L’apostolo Paolo ci ha aiutati a comprendere che il nostro ministero è bellissimo
e appassionante. E questa bellezza convive con le difficoltà, talvolta le delusioni
e perfino gli abbandoni della vita cristiana. Ma anche noi, come Paolo,
possiamo dire: “Tutto posso in Colui che mi dà forza”; mentre abbiamo motivo
per dire con lui alle nostre comunità: “Avete fatto bene tuttavia a prendere parte
alla nostra tribolazione” (Fil 4,14).
La santa Messa Crismale è una celebrazione che pone in primo piano
l’unità della Chiesa, la sua comunione interna. Attraverso la benedizione degli
olii essa fa emergere con evidenza la natura sacramentale della Chiesa.
Volendo che questa celebrazione avvenga per tutti solo in Cattedrale, con
l’intero presbiterio unità attorno al Vescovo, ricorda che “nelle singole comunità
locali dei fedeli rendono, per così dire, presente il Vescovo, cui sono uniti con
animo fiducioso e grande, condividendo in parte le sue funzioni e la sua
sollecitudine e li esercitano con dedizione quotidiana” (LG, 28/335). In tal modo
“i Sacerdoti rendono visibile la Chiesa universale e lavorano efficacemente
all’edificazione di tutto il corpo di Cristo. Sempre intenti al bene dei figli di Dio,
cerchino di portare il loro contributo al lavoro pastorale di tutta la Diocesi, anzi,
di tutta la Chiesa” (id.).
Il significato ecclesiologico e sacramentale di questa celebrazione mi
suggerisce di dare evidenza, quest’anno, a quell’avvenimento rilevante per la
Chiesa universale e per la nostra Chiesa particolare, che fu il Concilio Vaticano
II. Venne annunciato da Giovanni XXIII esattamente cinquant’anni fa.
1
Ripensarlo in questo Giovedì Santo è un modo di dire a noi stessi che ne
dobbiamo diventare sempre più familiari. E poi che, attraverso di noi, la
consonanza con il Concilio venga fatta maturare nelle nostre comunità. In
questi cinquant’anni ben quattro Papi sono stati straordinariamente coinvolti nel
Concilio Vaticano II. Giovanni XXIII ne è stato coinvolto perché a lui venne
l’ispirazione e fu lui a guidarne i lavori dall’11 ottobre all’11 dicembre 1962.

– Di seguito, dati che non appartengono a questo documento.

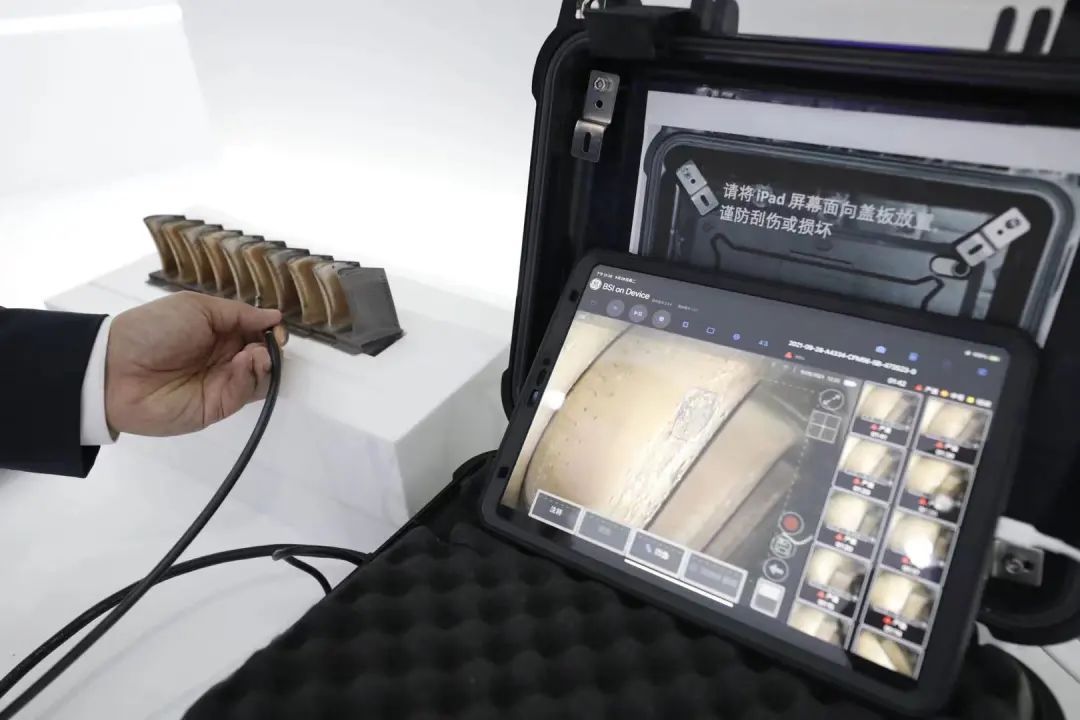 另一项是东航与GE公司合作的“发动机智能辅助孔探”技术。所谓“孔探”是指在飞机发动机例行检查过程中,维修机务将连接线缆的“孔探摄像头”深入发动机内部,在不拆解发动机的情况下,通过智能设备屏幕上的视频观测发动机内部零件、完成检测。

Giovanni XXIII: i sentimenti, il programma
È bello trovare, nelle parole di questo Papa, la confessione dei sentimenti
da lui sperimentati nel giorno dell’annuncio. A san Paolo fuori le mura disse ai
Cardinali presenti:
“Pronuncio davanti a voi, certo tremando un poco di commozione, ma insieme
con umile risolutezza, il nome e la proposta di celebrare un Concilio ecumenico per
la Chiesa universale”.
Ecco: commozione e risolutezza; un Papa sensibile, un Papa coraggioso.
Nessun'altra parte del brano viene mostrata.